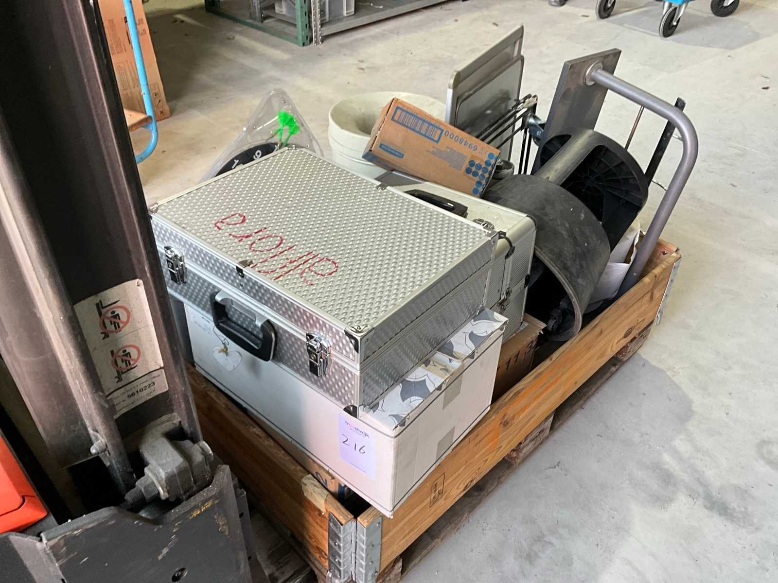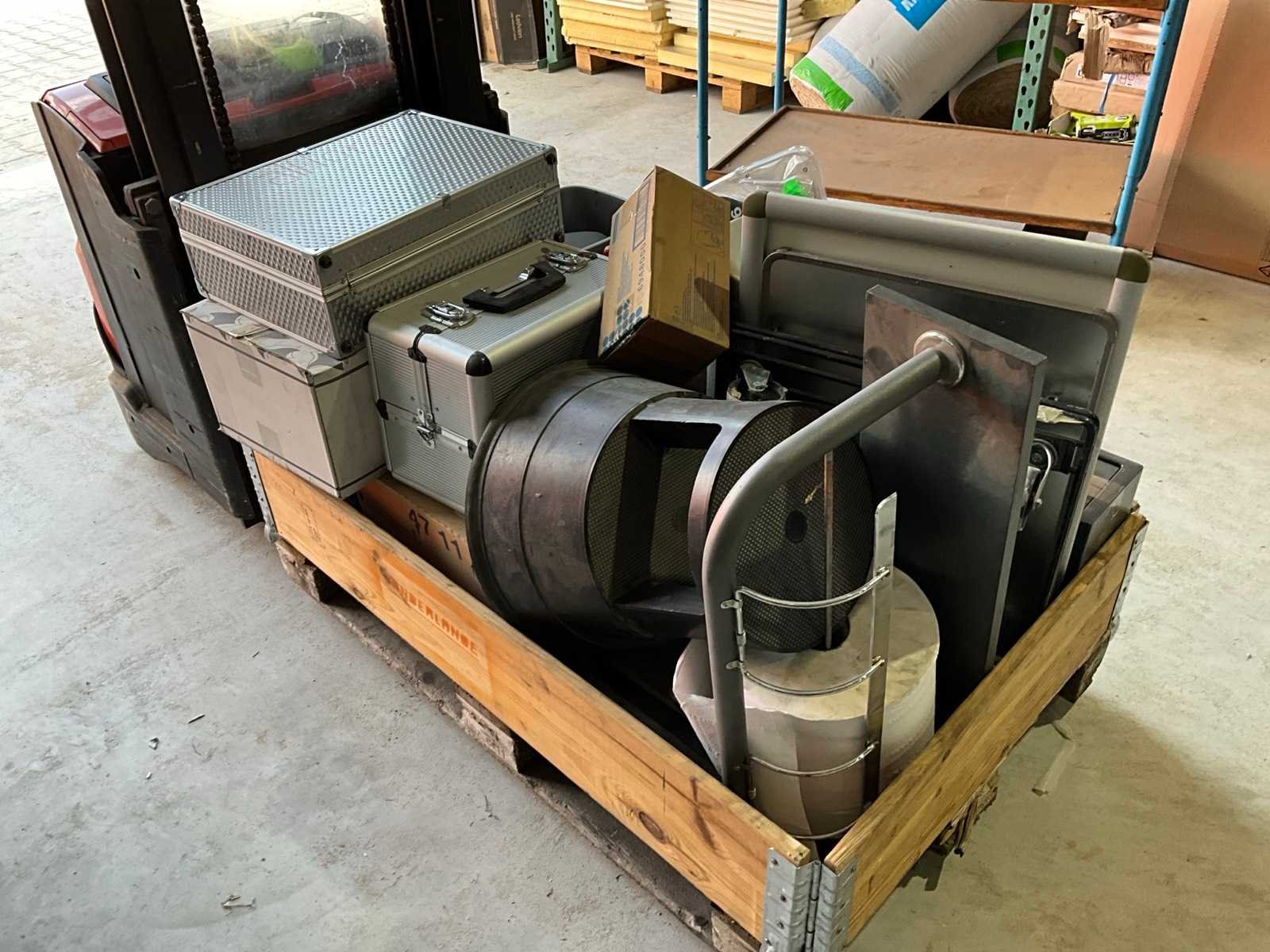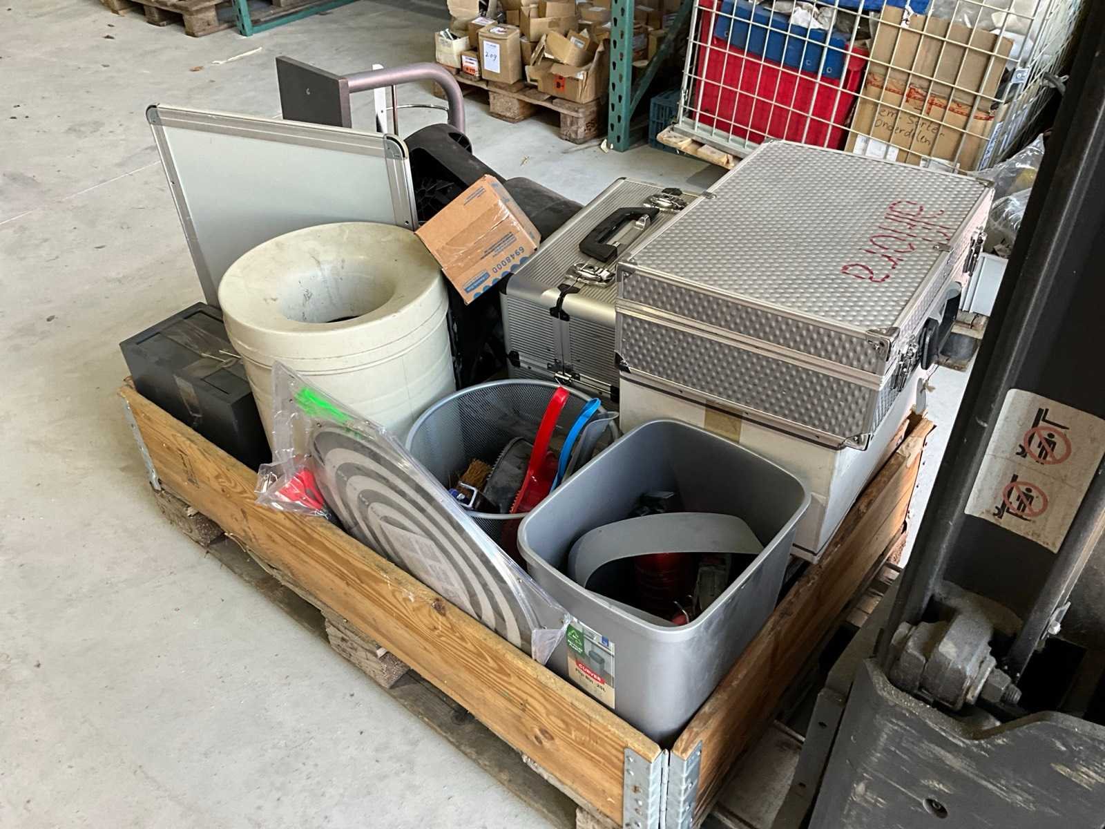 Gereedschapskoffers, opstapje, schoonmaak gereedschap, kluis, prullenbakken, brandblussers, zonder pallet en palletranden
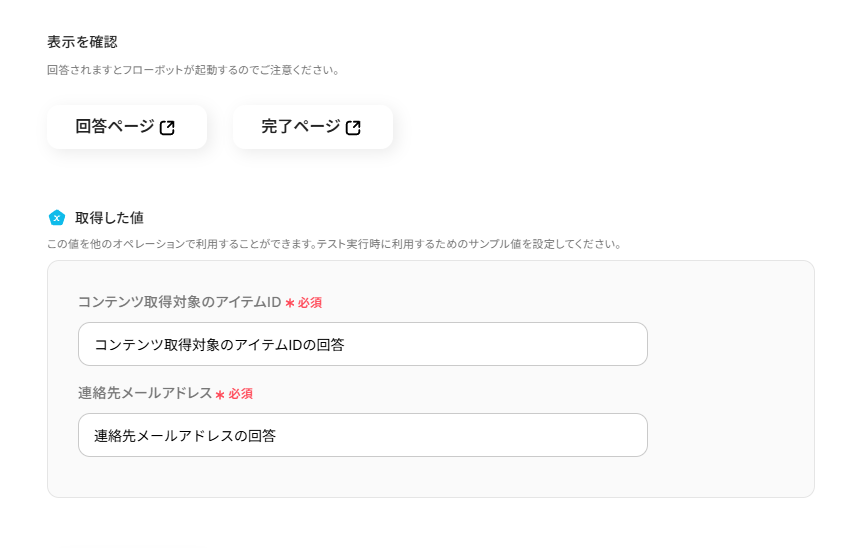 「アイテムID」と「確認希望者の連絡先」は取得した値の【フォーム】から引用し、それ以外の項目は、取得した値の【ループ変数】を引用し設定してください。
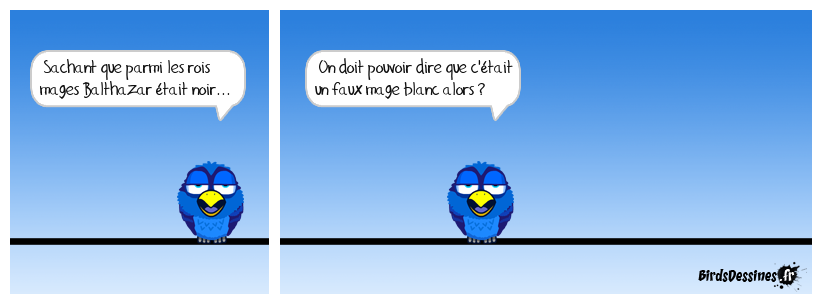 Case 1:Bird 1: Sachant que parmi les rois mages Balthazar était noir... | Case 2: Bird 1: On doit pouvoir dire que c'était un faux mage blanc alors ? | Case 3:
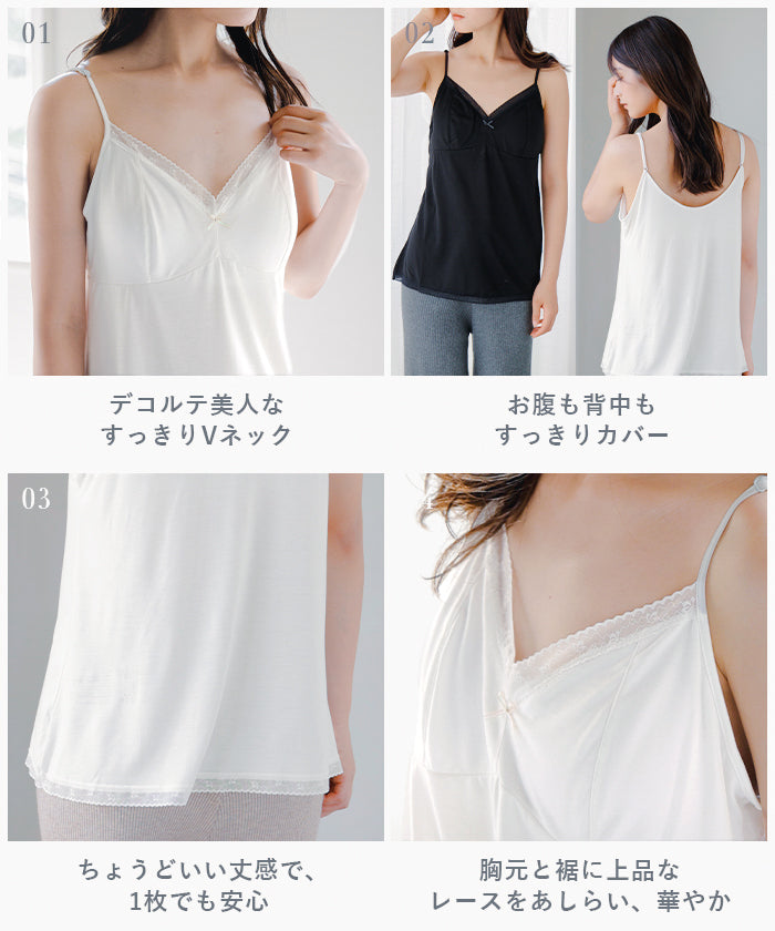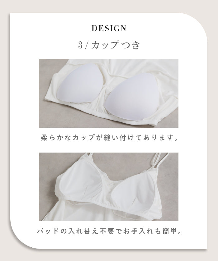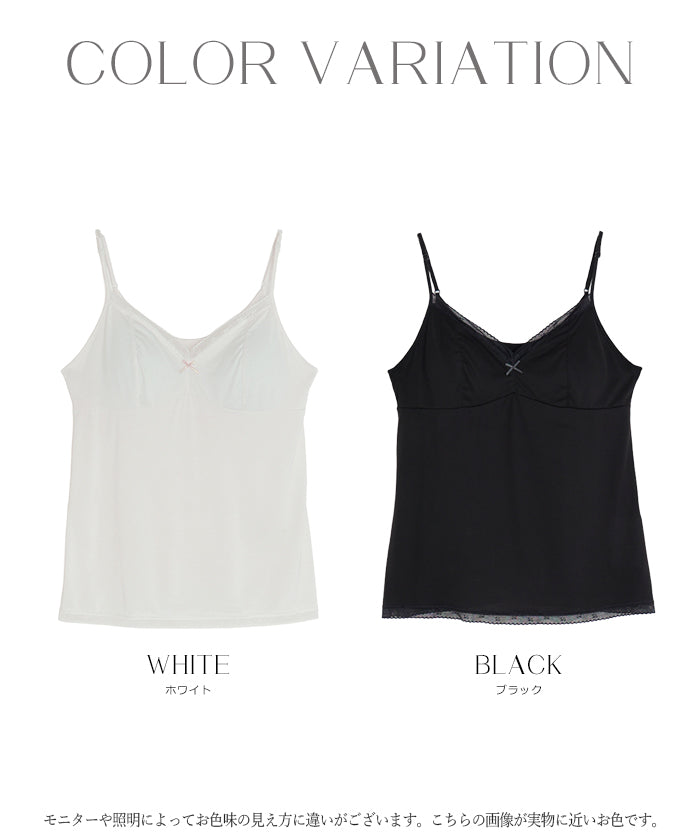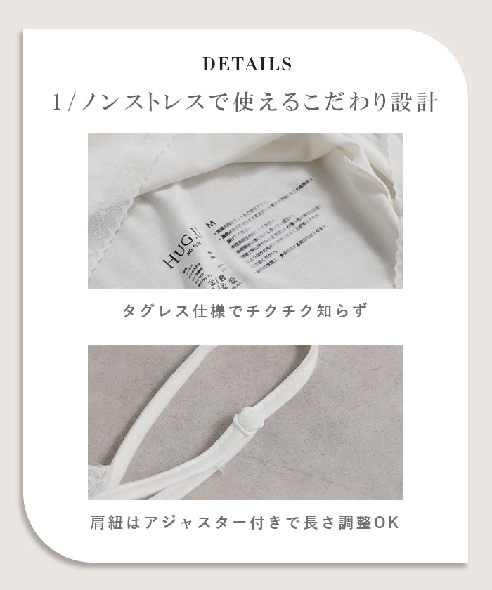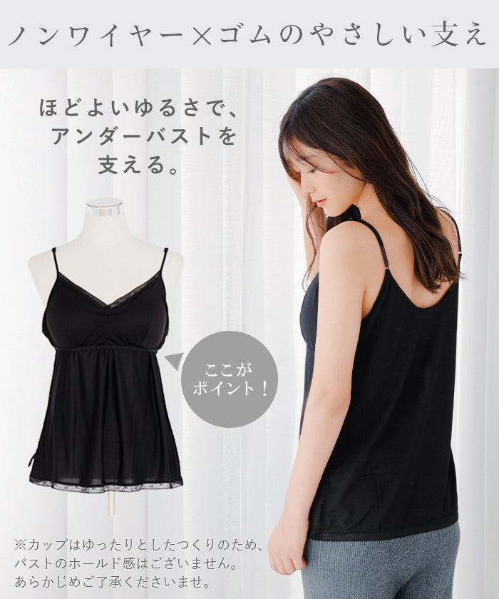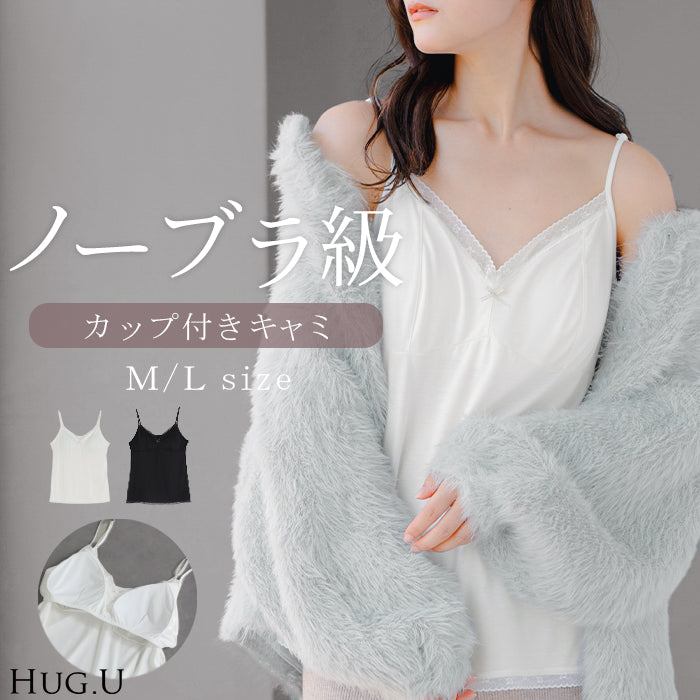 ブラトップ キャミソール カップ付き インナー トップス キャミ レディース 肩紐 調節可能 無地 ロング ルームウェア パジャマ ノンワイヤー 長い 重ね 付け裾 レース 裾 ゆったり 体型カバー ストレッチ きれいめ 大きいサイズ 黒 白 春 夏 HUG.U メール便

Task goal
The expected output is the full data above, reproduced exactly with no images.

Solution for this problem
 Gereedschapskoffers, opstapje, schoonmaak gereedschap, kluis, prullenbakken, brandblussers, zonder pallet en palletranden
 「アイテムID」と「確認希望者の連絡先」は取得した値の【フォーム】から引用し、それ以外の項目は、取得した値の【ループ変数】を引用し設定してください。
 Case 1:Bird 1: Sachant que parmi les rois mages Balthazar était noir... | Case 2: Bird 1: On doit pouvoir dire que c'était un faux mage blanc alors ? | Case 3:
 ブラトップ キャミソール カップ付き インナー トップス キャミ レディース 肩紐 調節可能 無地 ロング ルームウェア パジャマ ノンワイヤー 長い 重ね 付け裾 レース 裾 ゆったり 体型カバー ストレッチ きれいめ 大きいサイズ 黒 白 春 夏 HUG.U メール便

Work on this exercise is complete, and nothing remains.